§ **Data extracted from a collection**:
^^^^^^^^^^^^^^^^
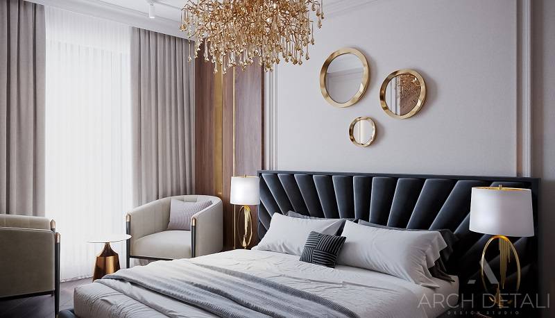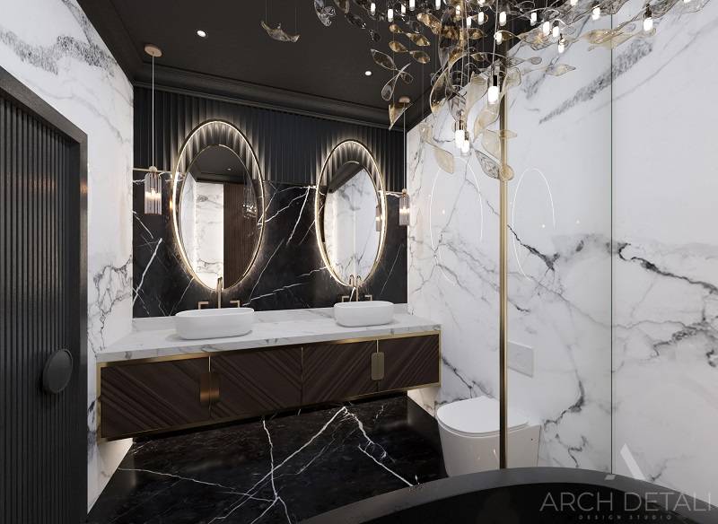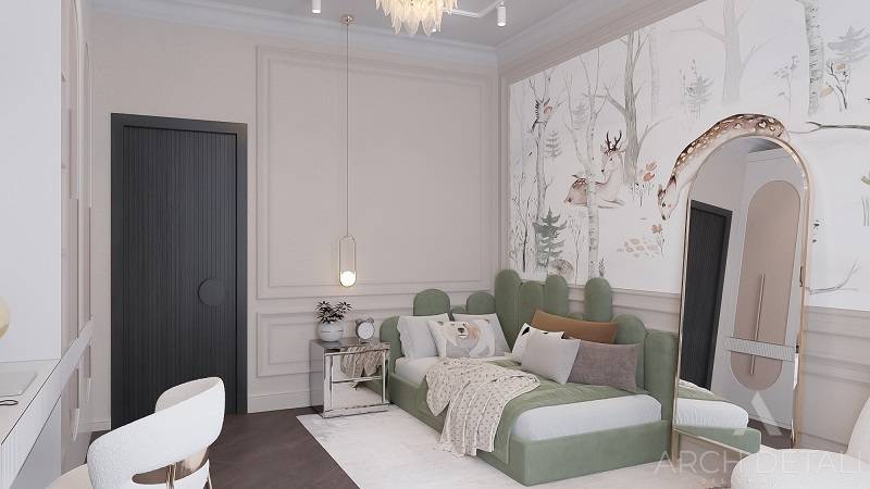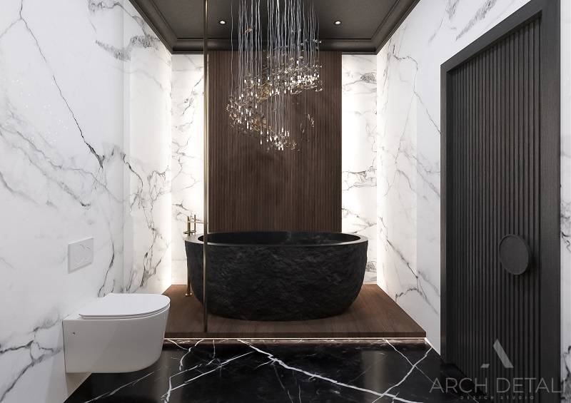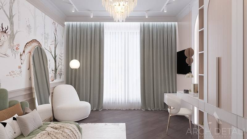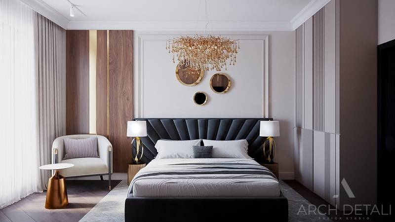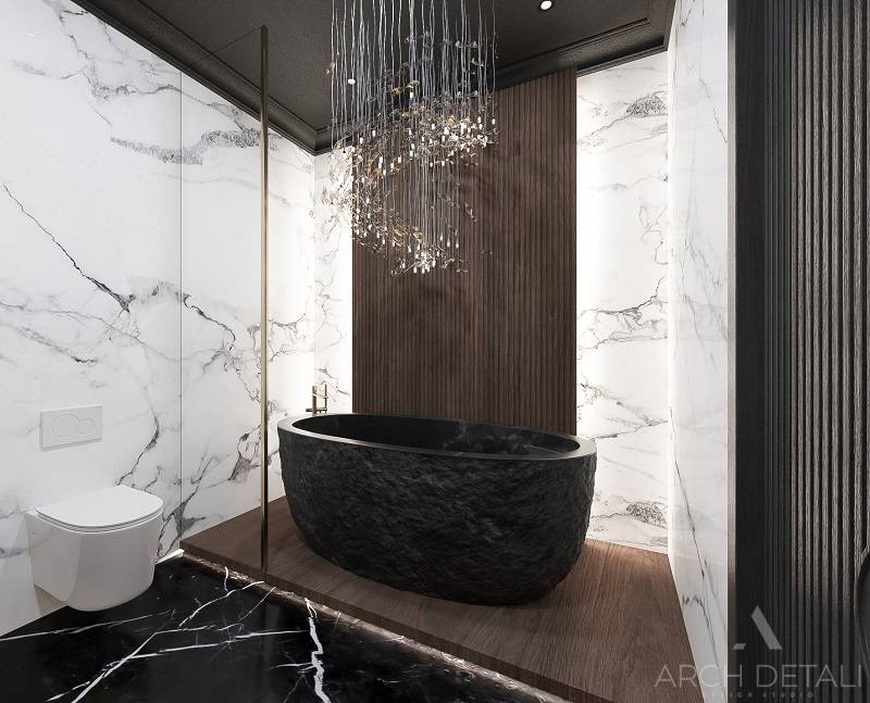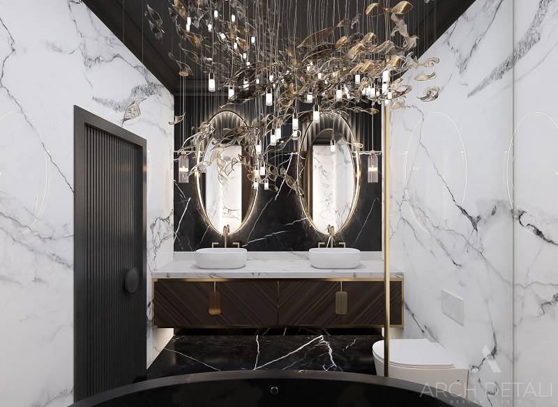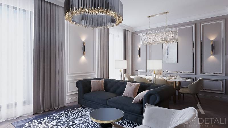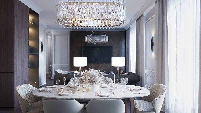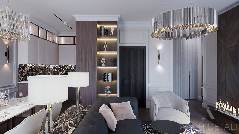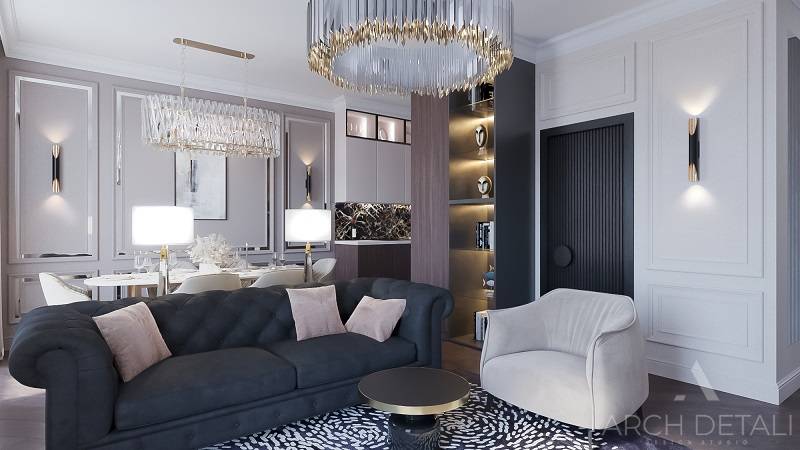 Интерьер выполнен в стилистике арт-деко. Квартира спроектирована для семейной пары с дочерью 14 лет. Кухня-гостиная выполнена в пастельных тонах с использованием деревянных панелей и мрамора в виде акцентов. Центром ванной комнаты является "парящий" подиум с ванной из черного камня и высоким напольным смесителем. В отделке стен ванной комнаты использованы контрастные белый и черный мрамор. Как акценты, в помощь выбранному стилю, добавлены элементы декора.
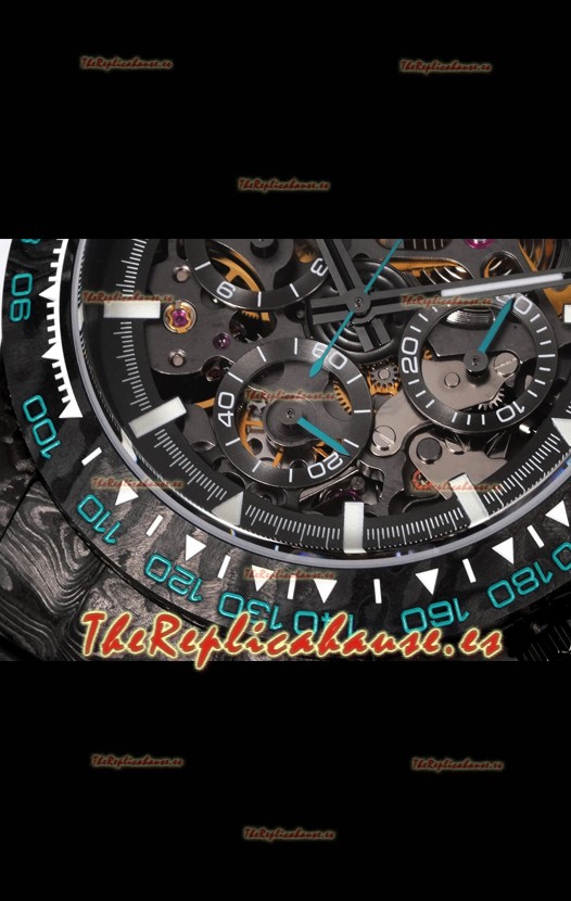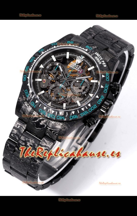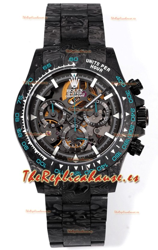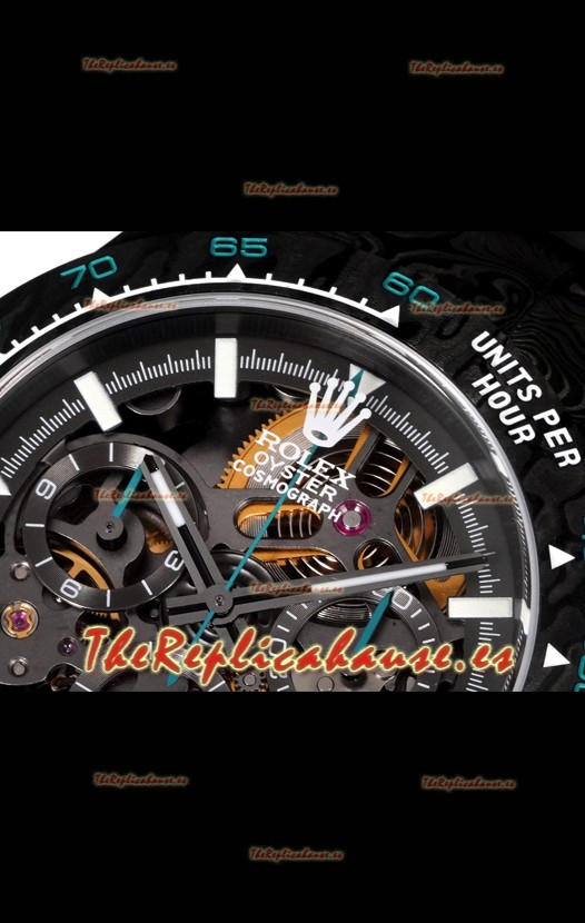 Rolex Daytona Blaken Carbono Negro Reloj Réplica Suizo Espejo 1:1 Dial Skeleton Movimiento Cal.4130
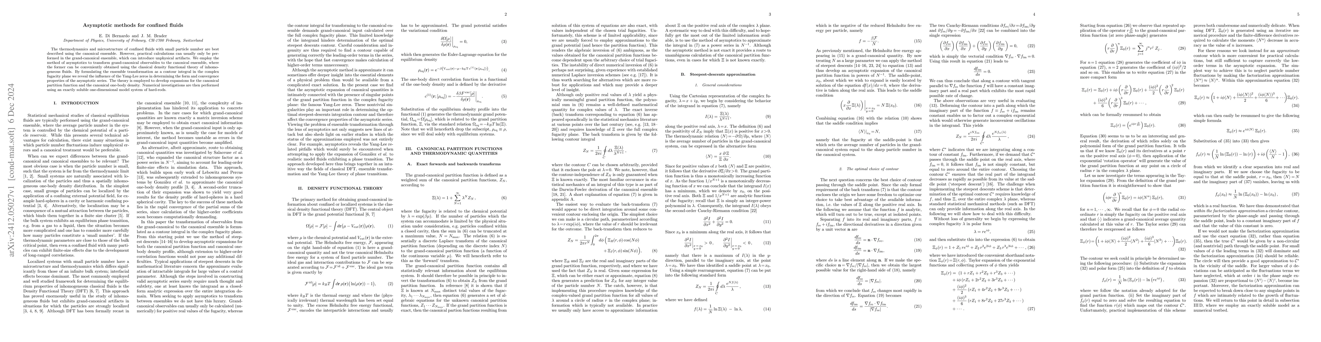 This paper addresses the challenges of modeling confined fluids with small particle numbers by transforming grand-canonical observables into the canonical ensemble through asymptotic methods. It formulates the ensemble transformation as a contour integral and explores the impact of Yang-Lee zeros, ultimately developing expansions for the canonical partition function and density, validated with a one-dimensional hard-rod model.
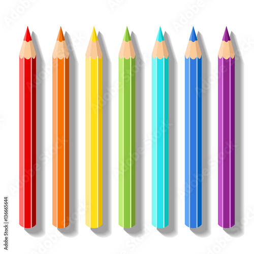 Set Realistic Colored Pencils Pencils Of Rainbow Colors Vector
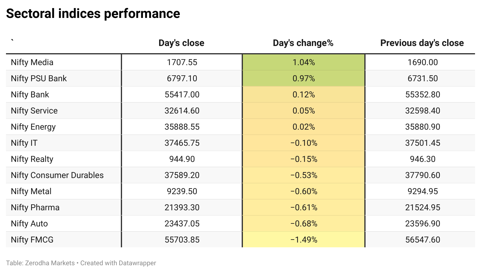 Nifty Media was the top gaining sector, rising by 1.04%, while Nifty FMCG was the top loser, slipping by 1.49%. Out of the 12 sectors listed, 5 sectors ended in the green and 7 sectors closed in the red.
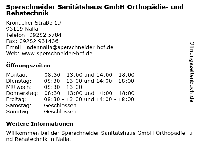 1 Sperschneider Sanitätshaus GmbH Orthopädie- und Rehatechnik (Entfernung: 14,95 km) Ludwigstraße 8, 95028 Hof 6 |
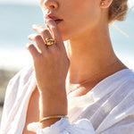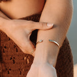 Our Gold Hammered Cuff captures the essence of the ocean. Its textured surface catches the light like sunlight on water, perfect for adding a splash of elegance to any outfit. This cuff is your seaside escape, wrapped around your wrist!
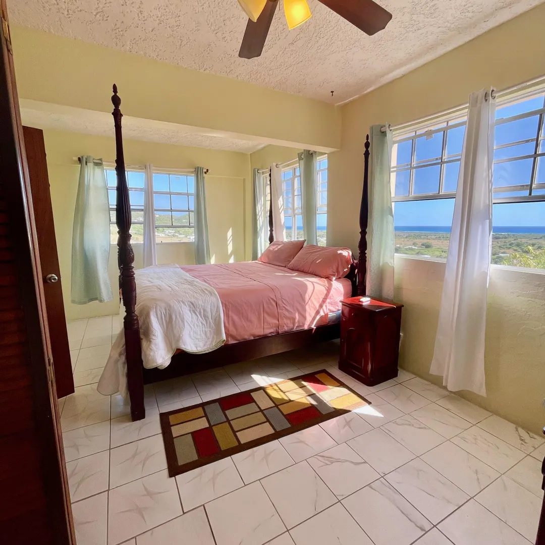 Ocean-view, gated, 1-bedroom apartment with split A/C, includes wi-fi, water, electricity, cable, lawn-care & trash pick up. Minutes walk to beach in a convenient location just minutes from Christiansted town. Private patio, sprawling lawn with fruit trees & parking. $100/MO flat WAPA fee. Small pets considered with non refundable fee.
^^^^^^^^^^^^^^^^
Within the entries above, the lines from the one containing "Set Realistic Colored" through the one containing "1 Sperschneider Sanitätshaus" are to be transcribed exactly, ends included, pictures excluded.

 Set Realistic Colored Pencils Pencils Of Rainbow Colors Vector
 Nifty Media was the top gaining sector, rising by 1.04%, while Nifty FMCG was the top loser, slipping by 1.49%. Out of the 12 sectors listed, 5 sectors ended in the green and 7 sectors closed in the red.
 1 Sperschneider Sanitätshaus GmbH Orthopädie- und Rehatechnik (Entfernung: 14,95 km) Ludwigstraße 8, 95028 Hof 6 |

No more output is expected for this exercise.